Rate Case Roundup: Vermont
Looking at a memorandum of understanding submitted in a natural gas LDC’s rate proceeding, the Vermont Public Utility Commission embraced the settlement, finding that the 4% increase provided for therein was just and reasonable. The additional revenues so awarded reflected the same amount requested by the LDC, Vermont Gas Systems.
While the percentage increase may appear relatively small, the company stated in its rate application that it was sensitive to the billing effect the additional revenue requirement could have on customers. The company therefore had asked that $12 million of its system expansion and reliability fund (SERF) be used to mitigate such impacts. In the stipulation filed with the commission, the amount of the SERF to be used for that purpose was lowered to $10.71 million. The commission agreed that it would be appropriate to withdraw that sum from the SERF and apply it to the LDC’s base rates instead.

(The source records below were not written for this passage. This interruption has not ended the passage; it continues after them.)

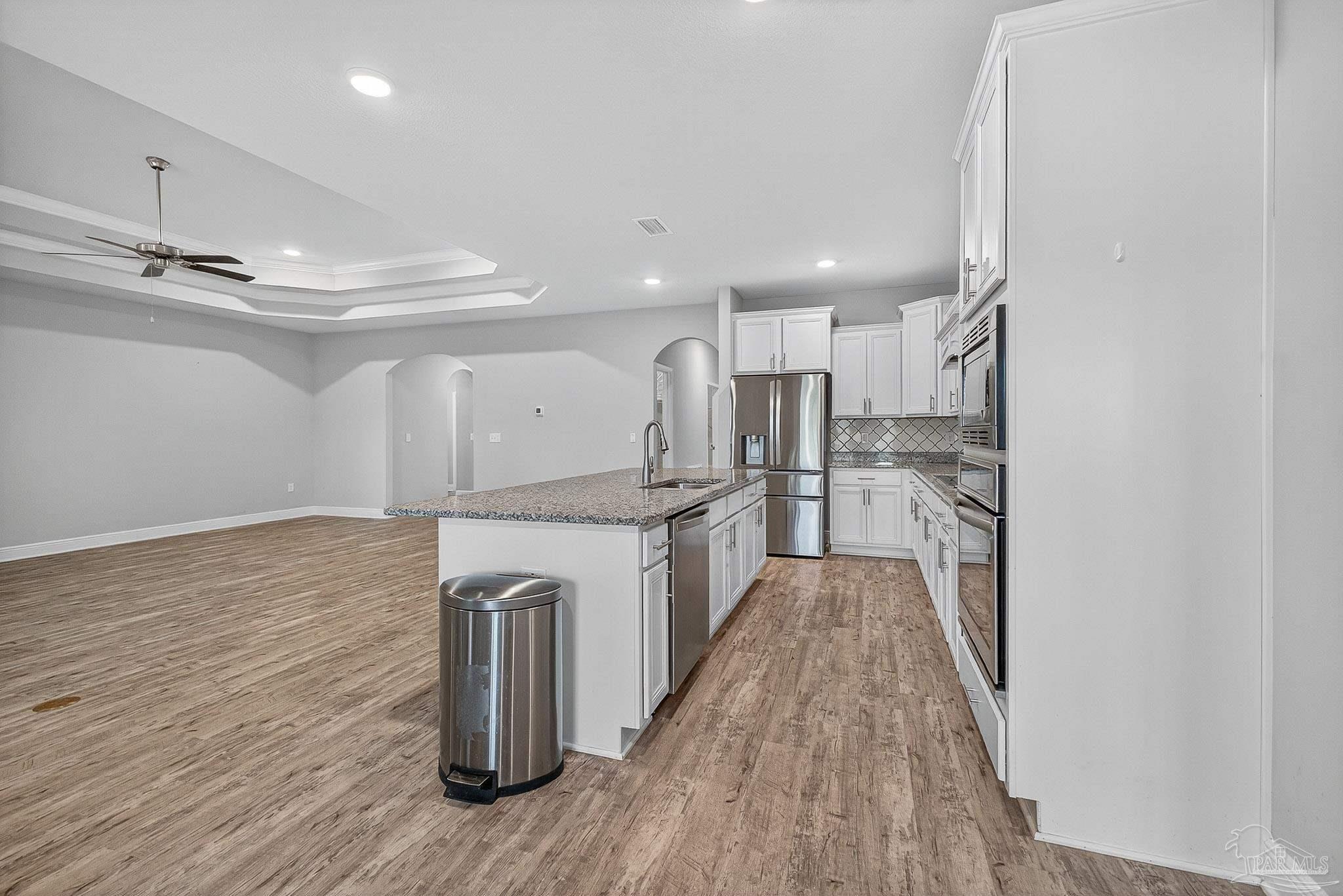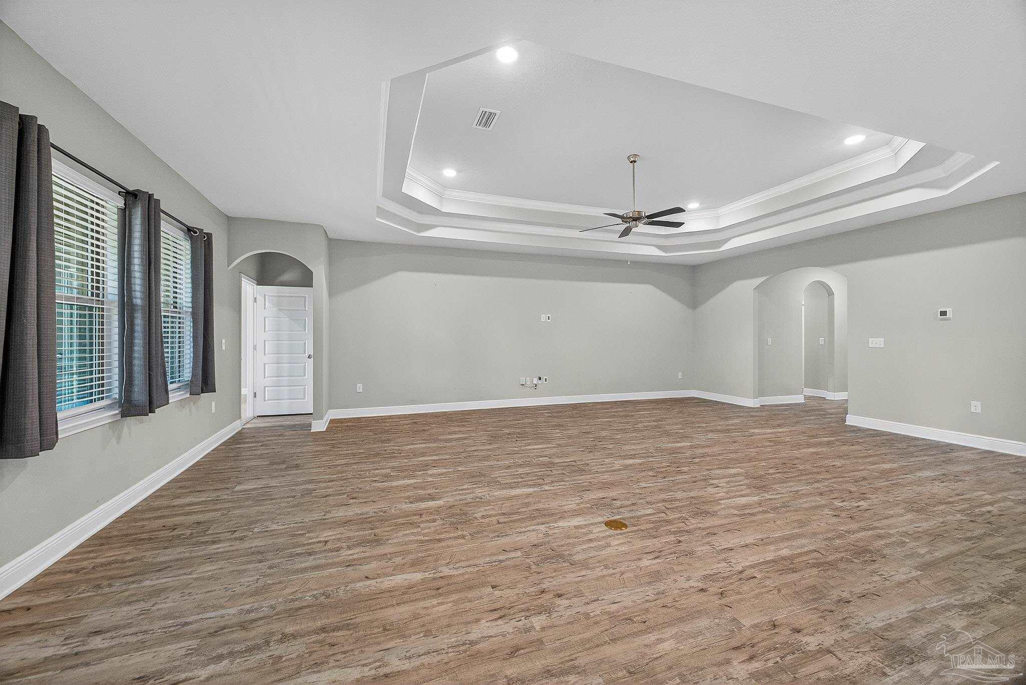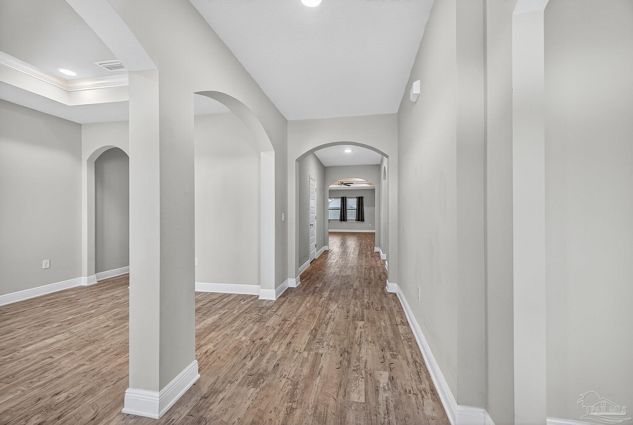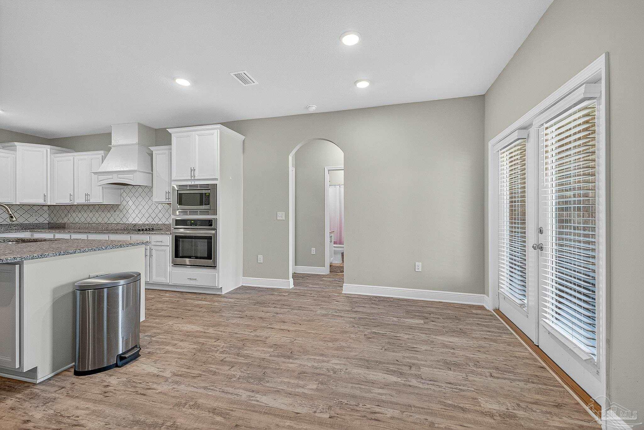 Welcome to the highly desired neighborhood of Ashley Plantation! This stunning 5-bedroom, 3-bath home offers over 3,400 square feet of thoughtfully designed living space that perfectly blends comfort, style, and functionality. A bright formal dining room welcomes natural light, while a versatile flex room at the front of the home provides an ideal space for an office or playroom. The heart of the home is the beautifully appointed kitchen, featuring pristine white cabinetry, a custom range hood, and ample counter space for all your culinary needs. The spacious primary suite is a true retreat with a double vanity, soaking tub, walk-in shower, and large closet. The split floor plan ensures privacy, with two bedrooms and a full bath at the front, the primary suite off the main living area, and two additional bedrooms with another full bath near the eat-in dining space. Upstairs, a generous bonus room offers endless possibilities for a media room, game area, or hobby space. With abundant storage and a three-car garage, you’ll have plenty of room for all your needs. The screened-in porch provides a relaxing outdoor retreat, and the oversized backyard offers ample space for a future pool or outdoor oasis. Don’t miss the opportunity to make this exceptional Ashley Plantation home yours!
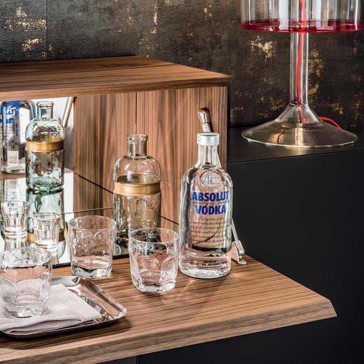 Bar unit in Canaletto walnut (NC) and matt graphite (OP69) painted wood with mirrored internal frame and glass holder. Base in graphite (GFM69) embossed lacquered steel. LED light. Wall anchorage is required.
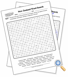 This page creates a word search puzzle using the locations from a map of New Zealand. Word searches are good tools for helping students memorize a list of locations and how they are spelled.
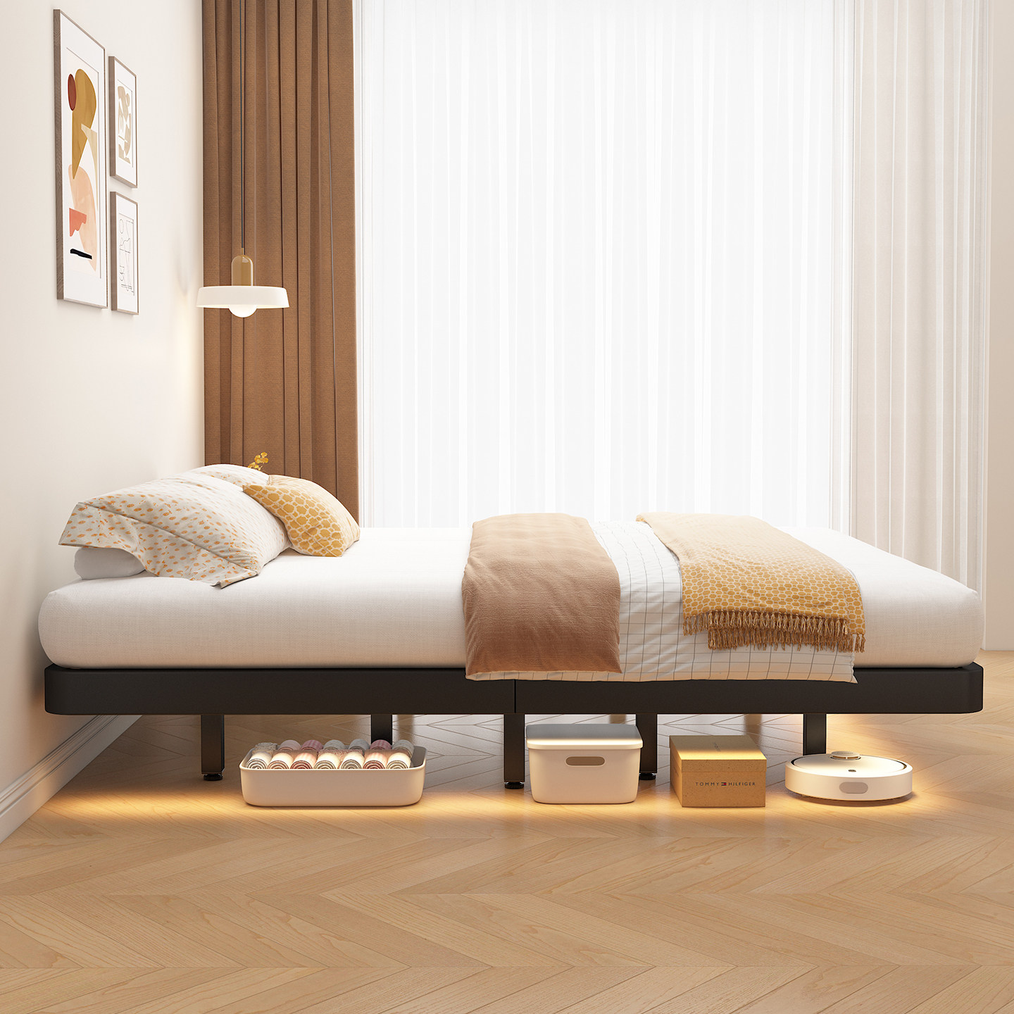 榻榻米铁艺床家用双人床小户型任意尺寸无床头靠背钢木床定制矮床
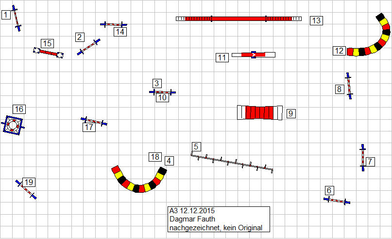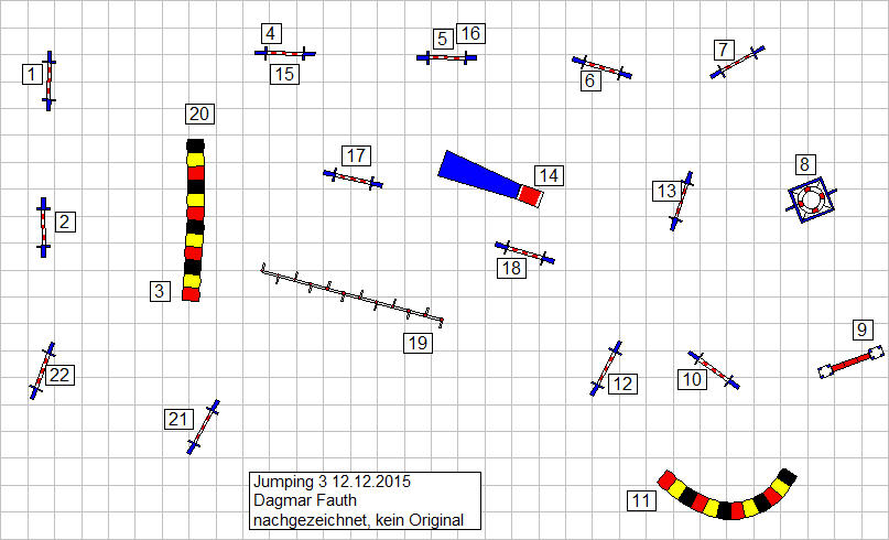 Bodenbelag, neuen Geräten, es hat Spass gemacht, dort zu laufen! Und als Richterin seit langem mal wieder Dagmar Fauth, da habe ich mich auch darüber gefreut, Dagmars Parcoure sind immer sehr nett zu laufen. A3-Lauf Midi: Ach, war das herrlich, Wannd 100%ige Zone, Wippe 100%ige Zone, Steg 100%ige Zone, ich habe mich so gefreut, dass ich sie prompt am Sprung nach dem Steg von der falschen Seite springen lassen haben :-) DIS Jumping3 Midi: Da hat die Dagmar doch tatsächlich den Sacktunnel reingestellt? Wir A3er haben größtenteils schwer geschluckt, kaum einer trainiert das verhasste Ding noch regelmäßig, auch bei mir dürfte er ein dreiviertel Jahr lang nicht im Training gestanden haben. Aber letztendlich war er nicht das Problem, Midi war bis zur 11 fehlerfrei, und dann nahm sie statt der 12 die 10. DIS ![]()
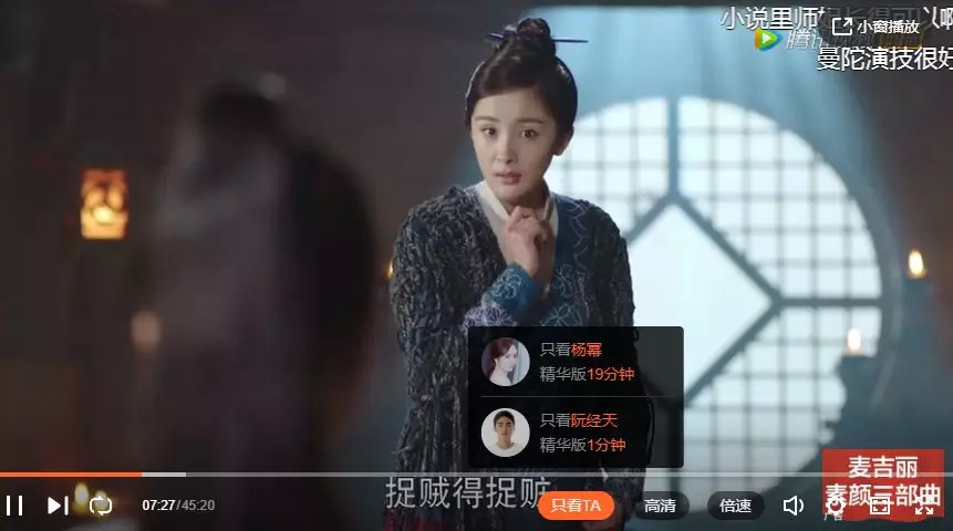 为满足这部分的观众的需求,视频网站也做出来更为人性化的设置,比如视频网站中的“只看TA”的设置。在视频播放过程中,点击右下角的“只看TA”选项能够选择观看某位演员的个人版视频。如近日热播的《扶摇》中,爱奇艺便推出了“只看杨幂”和“只看阮经天”的设置板块。
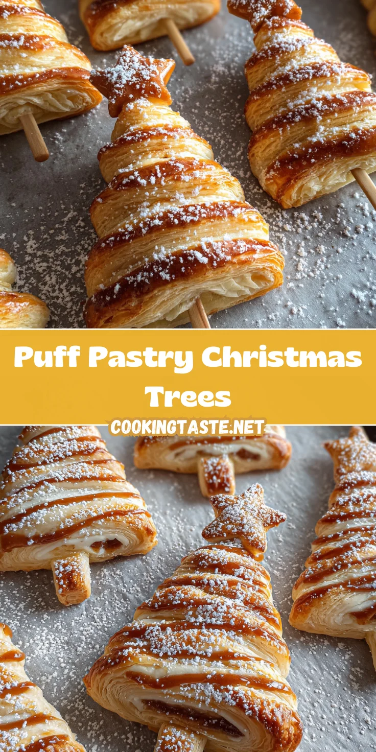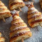 After baking, carefully remove your pastries from the oven and let them cool slightly on the tray. Just before serving, dust them with icing sugar. This finishing touch adds a beautiful snowy effect that’ll make your Puff Pastry Christmas Trees truly festive!
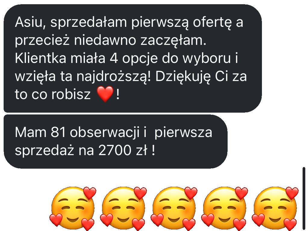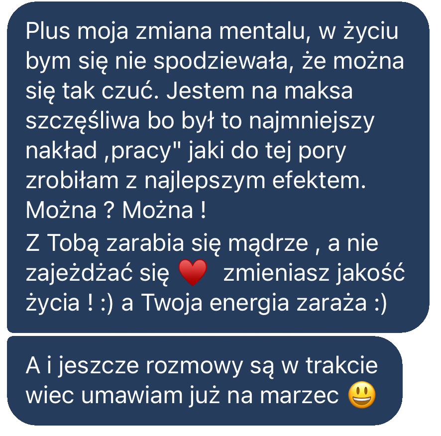 Jestem z Tobą na każdym kroku, odpowiadam na pytania, analizuję Twoje działania i pokazuję, co poprawić, abyś mogła osiągać stabilne, wysokie dochody bez stresu i chaotycznej pracy.
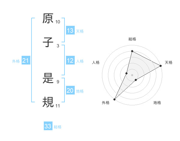 原子 是規さんの天格は13画の5点!
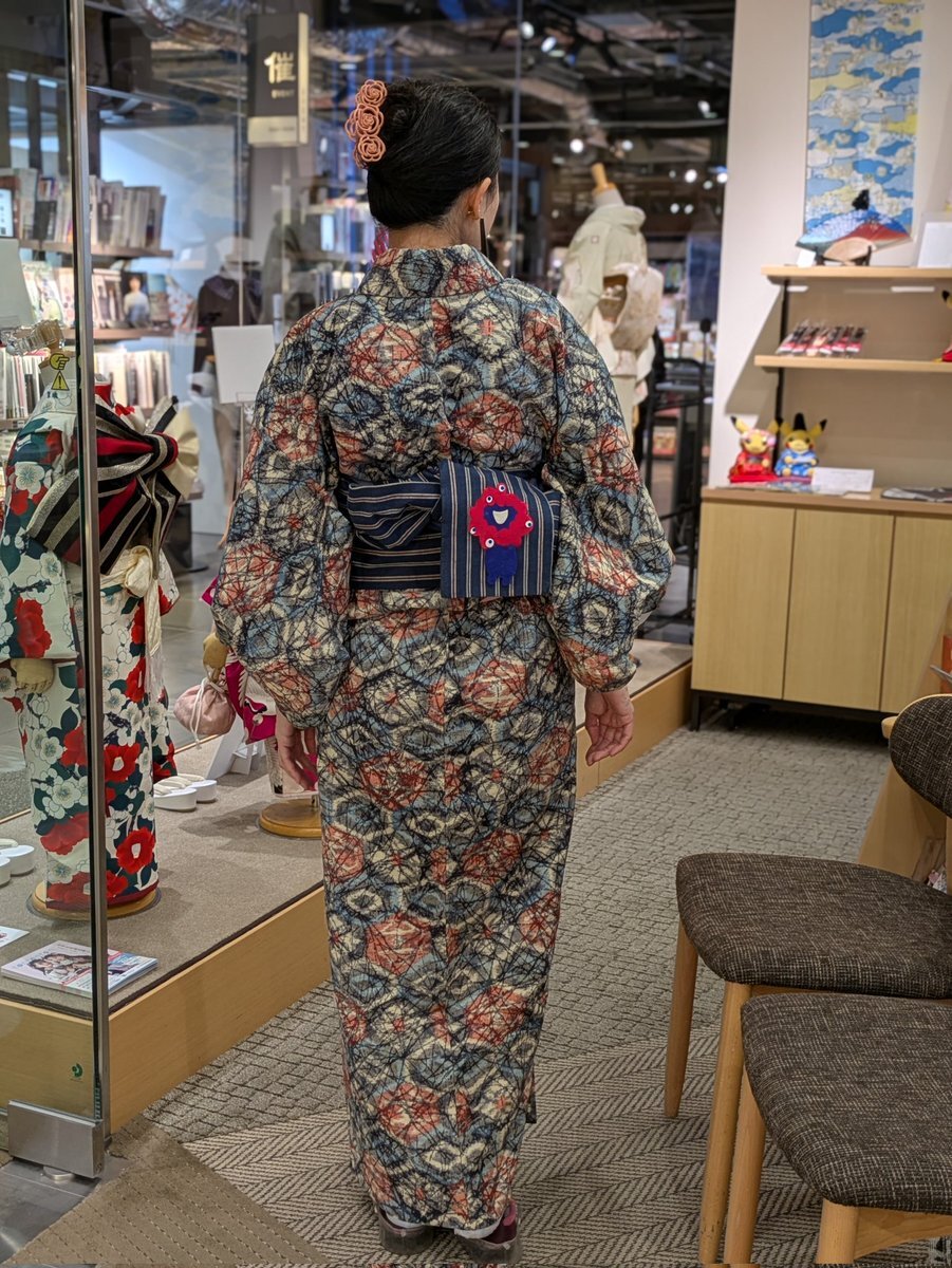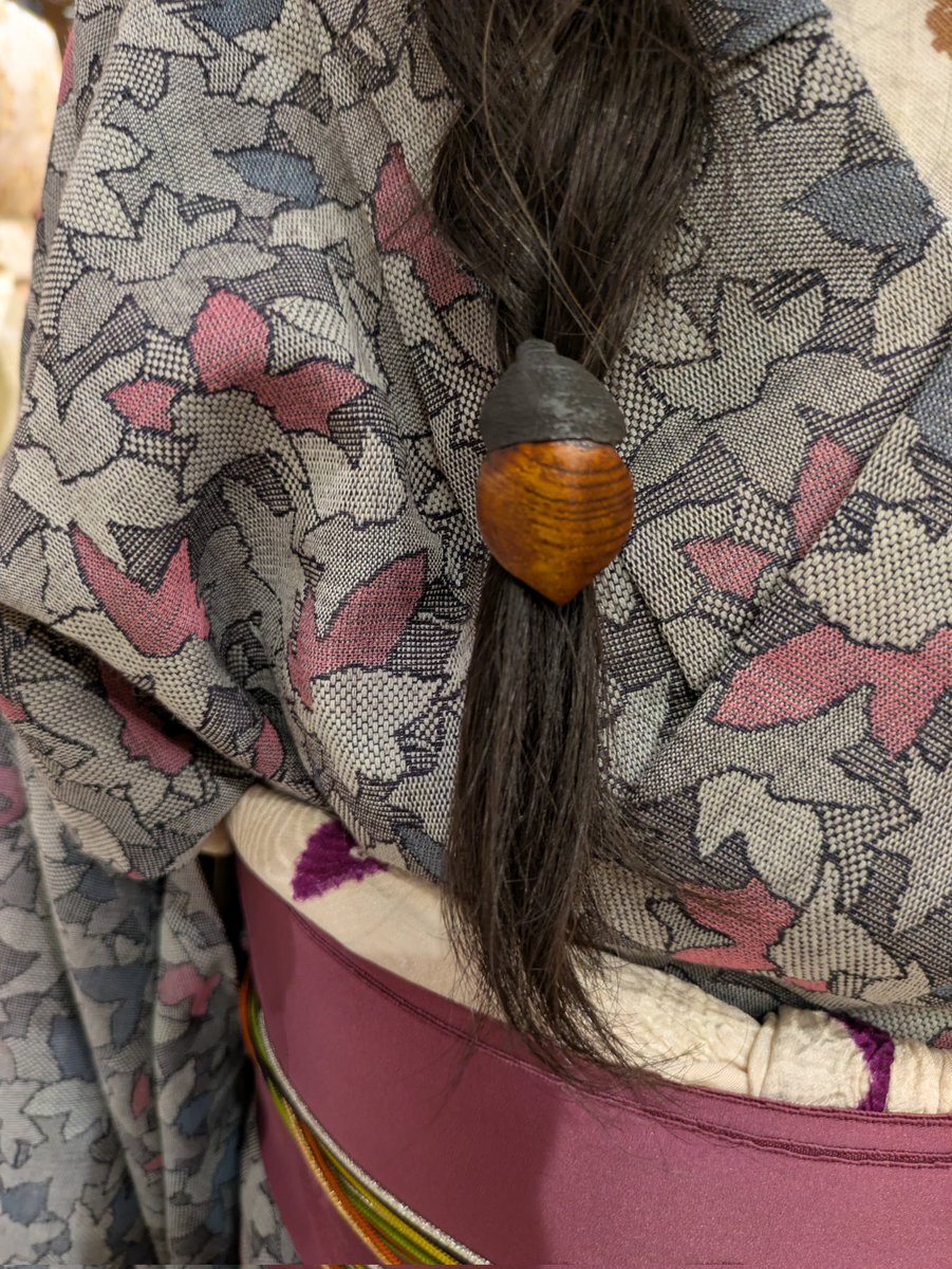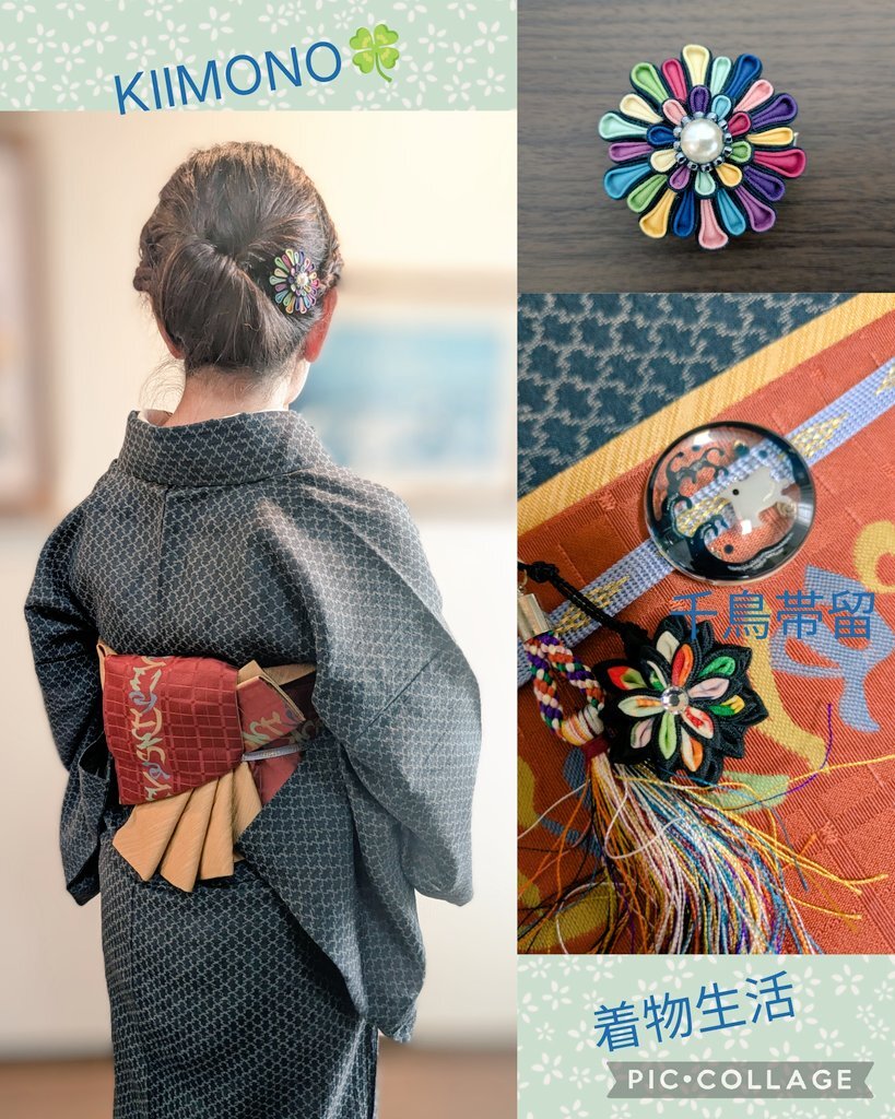 毛糸の買い出しに手芸店へ🧶 ワンポイントオシャレに ツマミブローチ(蒼菊さん)コンバータ使い簪にコーデの配色に合わせタッセル付けました #今日の着物 #着物コーデ #着物でお出かけ #着物生活 pic.x.com/c5GSwPmSUt

The commission drew attention to one aspect of the memorandum of understanding, that being a requirement that the costs of one particular project initiated under the SERF be amortized over a 10-year period rather than be recovered in rates all at one time. The commission expounded that because the development costs associated with that project (the Addison pipeline extension) surpassed $1 million, it would be more beneficial for customers for that expense to be spread out over the next 10 years. In addition, the commission highlighted a provision in the stipulation prohibiting the company from retaining that portion of its revenues otherwise due it under an earnings sharing mechanism.
The commission lauded the parties for incorporating that term in the agreement, noting that by forgoing its share of earnings for the next year, ratepayers were saved as much as $1.01 million. A table attached to the stipulation shows a return of 8.50% on shareholder equity. Re Vermont Gas Systems, Inc., Case No. 17-1238-INV, Oct. 26, 2017 (Vt.P.U.C.).